**Task brief**
What you return must be the exact lines of the material below, from the first through the one that has "将青红椒洗净切成小块,洋葱切", with no pictures and, please, nothing else.
[Data provided — start]
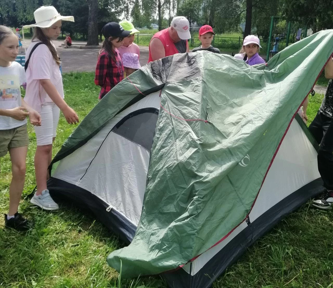 Не забыли и о туристической направленности лагерной смены – учились ставить палатки.
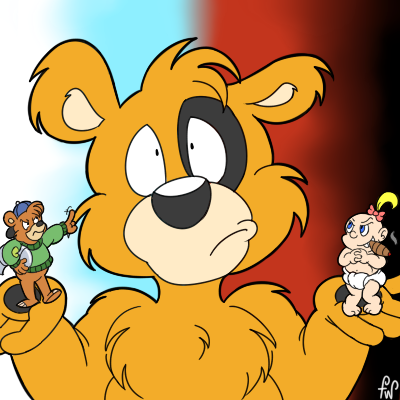 Byron is caught between his superego and id in this drawing, inspired in part by Reva the Scarf. That's Kit Cloudkicker on the left and Baby Herman on the right, for those curious. Good or evil, there's no escape from the Walt Disney Company!
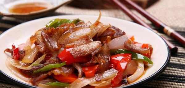 将青红椒洗净切成小块,洋葱切碎,待肉稍凉后切成薄片。热锅油烧热至70%,下葱、姜炒香,加入切好的肉翻炒。
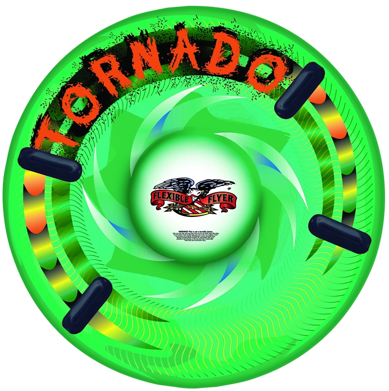 Fun for the whole family, it can be used to cruise down a snowy hill during the winter or to float in the water during the summer. The slick bottom is designed for fast speeds in the snow. The 50 in Dia is large enough for up to 2 riders and it has two sets of sturdy handles. The inflatable tube is made with CPSIA compliant 18 ga PVC. It is green with sharp looking graphics on the top. The tornado is tough and will hold up well. It comes with a repair patch in case it is needed.
[Data provided — finish]
**Solution below**
 Не забыли и о туристической направленности лагерной смены – учились ставить палатки.
 Byron is caught between his superego and id in this drawing, inspired in part by Reva the Scarf. That's Kit Cloudkicker on the left and Baby Herman on the right, for those curious. Good or evil, there's no escape from the Walt Disney Company!
 将青红椒洗净切成小块,洋葱切碎,待肉稍凉后切成薄片。热锅油烧热至70%,下葱、姜炒香,加入切好的肉翻炒。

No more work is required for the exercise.